Upstairs, on the Light Street Pavilion, the African Queen, Anna’s Fried Dough, Bagel Place, Brothers Too, Cookie Connection, Dianna’s Caribbean Cooking, Flying Fruit Fantasy, Paul Gill’s Lunchbox, Golden Flounder Sushi, Häagen-Daz, Italian Villa-Tavola Calda, Just Burgers, La Petit Marmite, Lillian & Kay’s Congo Bars, Little Greece, Mexican Fiesta, Nevada Annie’s Chili, New Life Yogurt, Oasis, Old Amsterdam Dutch Crepe & Waffle House, Pretzel Productions, Shuckers, Sina Ried’s Hot Dogs, Somethin’ Good, Southern Style Barbecue, Harborplace Subs, Thrasher’s French Fries, Top of the Round, Trishaw Express and Wings ‘N Things were all in a place known as the Food Hall.


Almost as soon as Harborplace opened, there was retail turnover. Some small businesses barely lasted the summer of 1980. But the sheer number of sellers ready to try their hand at Harborplace allowed for a mind-boggling cornucopia.

One retail section, called the Sam Smith Market, offered more choices: Afra Maria Simms, Apple Pie Graphics, Balloons Over America, the Baltimore City Schools Vocational Program, Gail Bird, Boxes and Frames, the Bank Shop, Busy Bee’s Shoeshine, Carol Lewis, Jean Cohen, the Crab Line, Dune Boys, Federal Hill Autographs, Foodangles, Foreign Affairs, Geppi’s Harborplace Comics, Glass-Smith Harbor Hammocks, Harborplace News, Here’s Harborplace, Ida Fuell Edibles, Irma Hood, Catherine Keresse, the Kite Loft, La Bodega del Mundo Latina, Loony Lids, Pen Station, Primrose Prints, Quick Draw, Rainbow, Etc., Enid Romanek, Silver Threads and the Toad’s Stool.

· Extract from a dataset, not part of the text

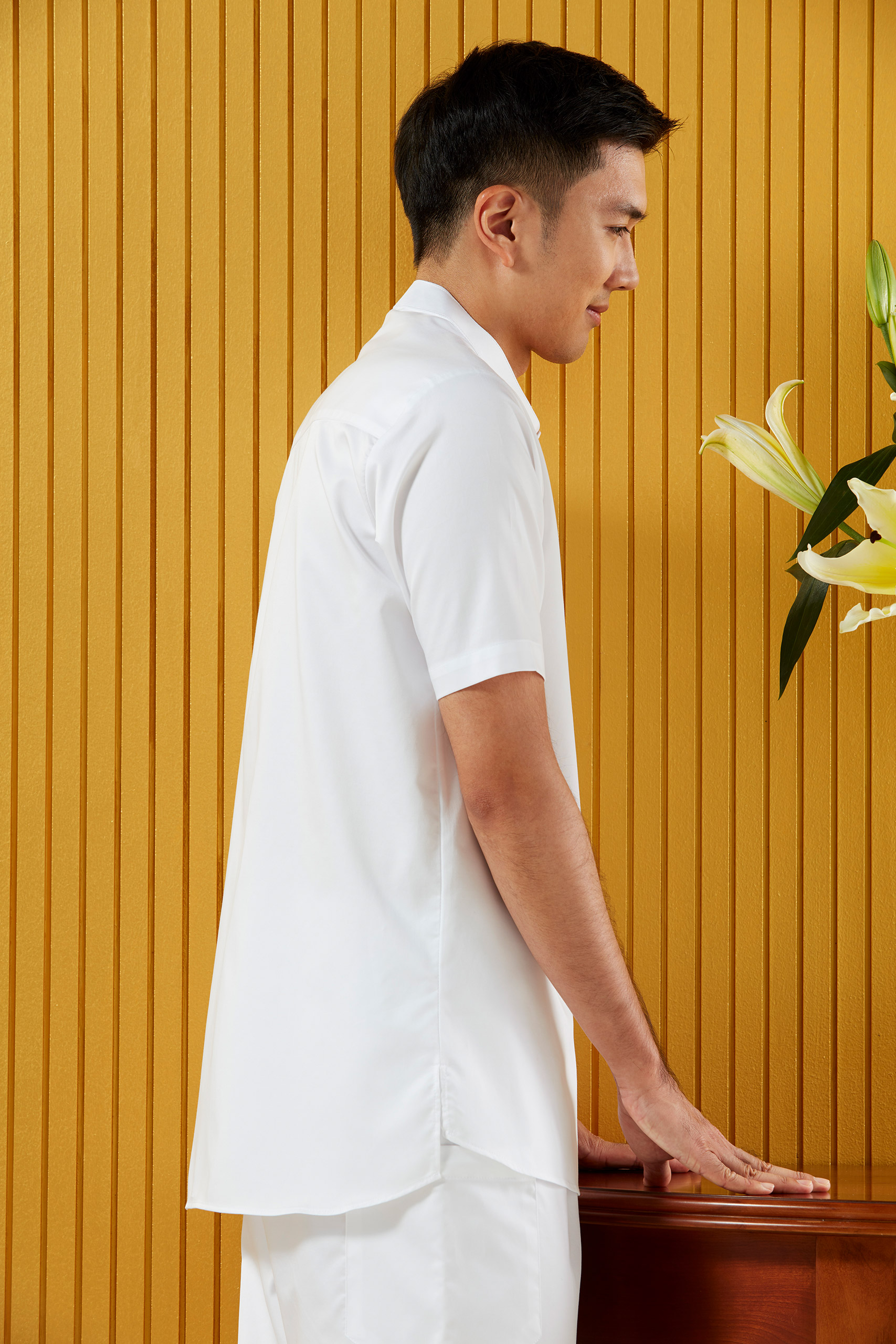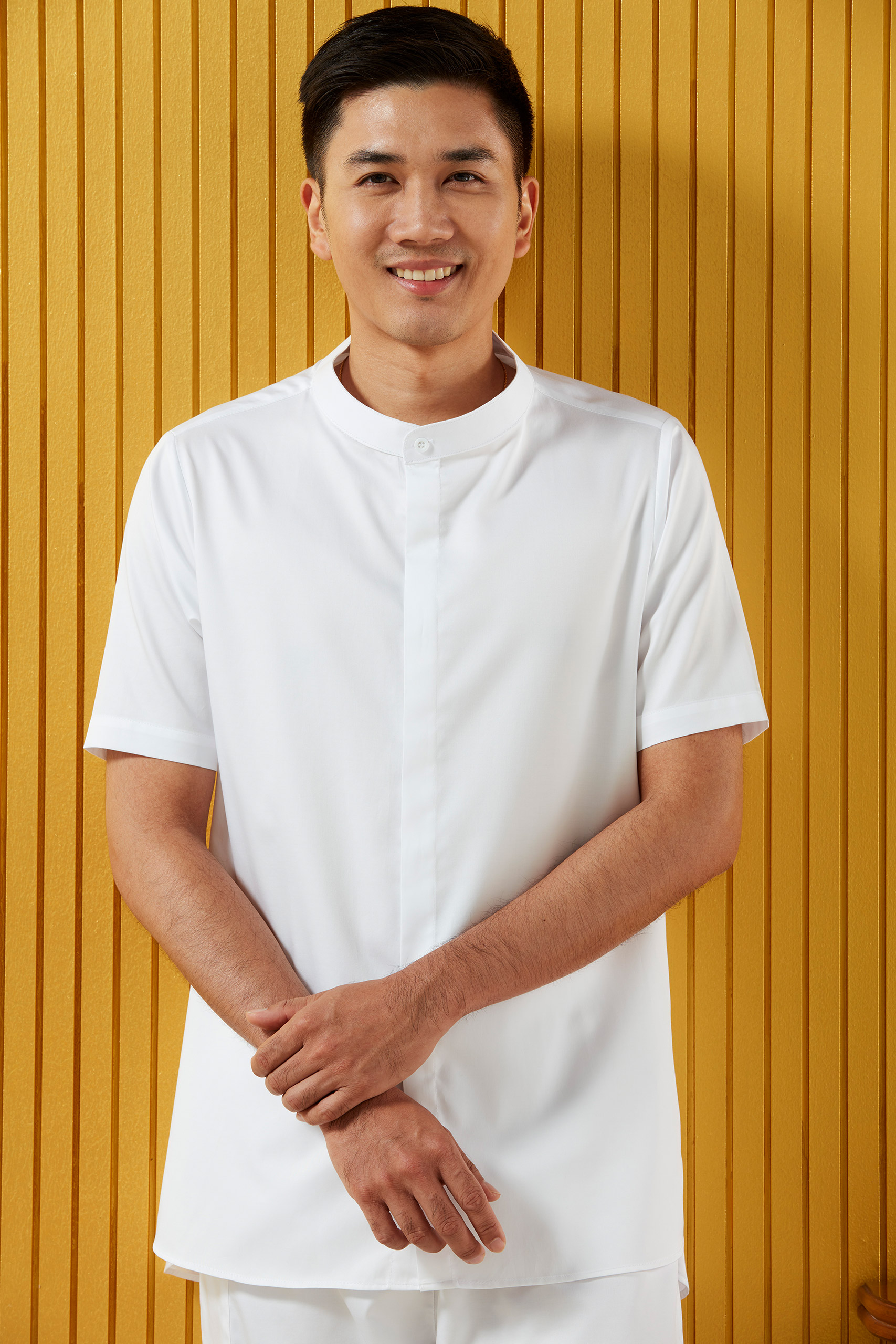 @ เสื้อชาย >>> เสื้อคอจีนทันสมัย แขนสั้น สาบกระดุมซ่อน(สาบเบิ้ล)
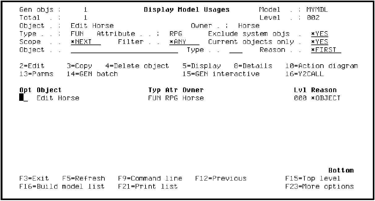 Type 91 against Edit Horse and press Enter to display its usages. The Display Model Usages panel redisplays showing only the model object itself. This indicates that no other model objects use Edit Horse; in other words, it has no usages.

The Pratt Street Pavilion gave locals and tourists the Athenian Plaka, the Little Cheese, Black Pearl, Pronto Ristorante, Tandoor, the Store Limited, Arthur Watson’s Embraceable Zoo, the Children’s Bookstore, China Closet, Collective Impressions, Crabtree and Evelyn, Europa Imports, Flutterby’s, Fonti’s, Gordon’s Booksellers, Harbor Silver and Gold, Hats in the Belfry, Heart of the Market, Hess Shoes and its running center, Hum Aditti’s, Irrestibles, It’s Only Natural, Jones & Jones, Laura Ashley, The Limited, A Little Something, the Narragansett, Ornamental House, Pappagallo Shop, Remembering You, Seldom Scene, This End Up Furniture, Tomlinson Craft Collection, Touch of Brass, Weems and Plath and What’s Your Game.

In the nearly 42 years since it opened on July 2, 1980, the original tenants have moved on. Some lasted a only a brief time; others, like Phillips Seafood, survive but in a different location.

After a while, the Rouse Company, which developed Harborplace, was sold to General Growth Properties. Another sale followed; in 2012, Ashkenazy Acquisitions Corp., a New York real estate firm, bought Harborplace and later defaulted on its loan. The last years were not pretty as renovations plans stalled and one-by-one many stores and restaurants closed.